🤖 AI Summary
Existing streaming graph partitioning methods support only vertex or edge partitioning and typically optimize a single objective, making it challenging to simultaneously address the diverse requirements of communication, computation, and memory in distributed GNN training. This work proposes SIGMA, a unified framework that, for the first time in a streaming setting, supports both edge-cut-oriented vertex partitioning and vertex-cut-oriented edge partitioning while jointly optimizing load balancing for both vertices and edges. By incorporating global structural information through a clustering-based preprocessing step, SIGMA significantly enhances partition quality without sacrificing streaming efficiency. Experiments on six large-scale graphs demonstrate that SIGMA outperforms existing streaming methods and achieves partition quality, training efficiency, and memory usage comparable to high-quality offline partitioners such as METIS and KaHIP, while remaining compatible with systems like DistGNN and DistDGL.
📝 Abstract
Distributed Graph Neural Network (GNN) training depends critically on how the underlying graph is partitioned across compute resources.
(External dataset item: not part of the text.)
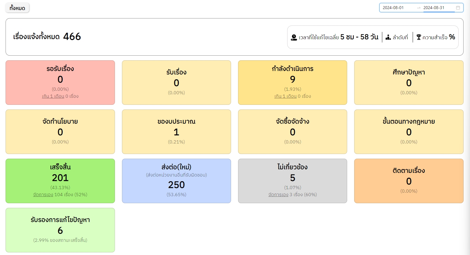 ![]() | 13 | ดำเนินการแก้ไขปัญหาข้อร้องเรียน ที่ได้รับจากแพลตฟอร์ม Traffy Fondue ประจำเดือนสิงหาคม | 5.00 | 2024-08-01 00:00:00.0000000 | 2024-08-31 00:00:00.0000000 |

Existing graph partitioners focus either on vertex partitioning or edge partitioning and typically optimize only a single communication objective (edge cut or vertex cut) under a single balance constraint (vertex balance or edge balance). We present SIGMA (Streaming Integrated Graph Partitioning with Multi-objective Awareness), a versatile streaming graph partitioner that supports both vertex and edge partitioning within a unified multi-objective, multi-constraint framework. Depending on the target distributed GNN system, SIGMA can be configured for edgecut-oriented vertex partitioning or vertex-cut-oriented edge partitioning while simultaneously accounting for both vertex and edge balancing. A clustering-based preprocessing stage incorporates global graph structure to improve partition quality while preserving the efficiency and scalability advantages of streaming partitioning. We evaluate SIGMA on six benchmark graphs spanning diverse domains and scales using two distributed GNN training systems: Dist-GNN (edge-partitioned) and DistDGL (vertex-partitioned). Across both settings, SIGMA consistently achieves strong performance, showing its ability to navigate complex trade-offs between partition quality, training efficiency, and memory consumption, frequently outperforming streaming baselines while remaining competitive with high-quality in-memory partitioners such as METIS, KaHIP and HEP. These results demonstrate that a unified streaming partitioner can effectively address the communication, compute, and memory challenges of distributed GNN training across fundamentally different system architectures.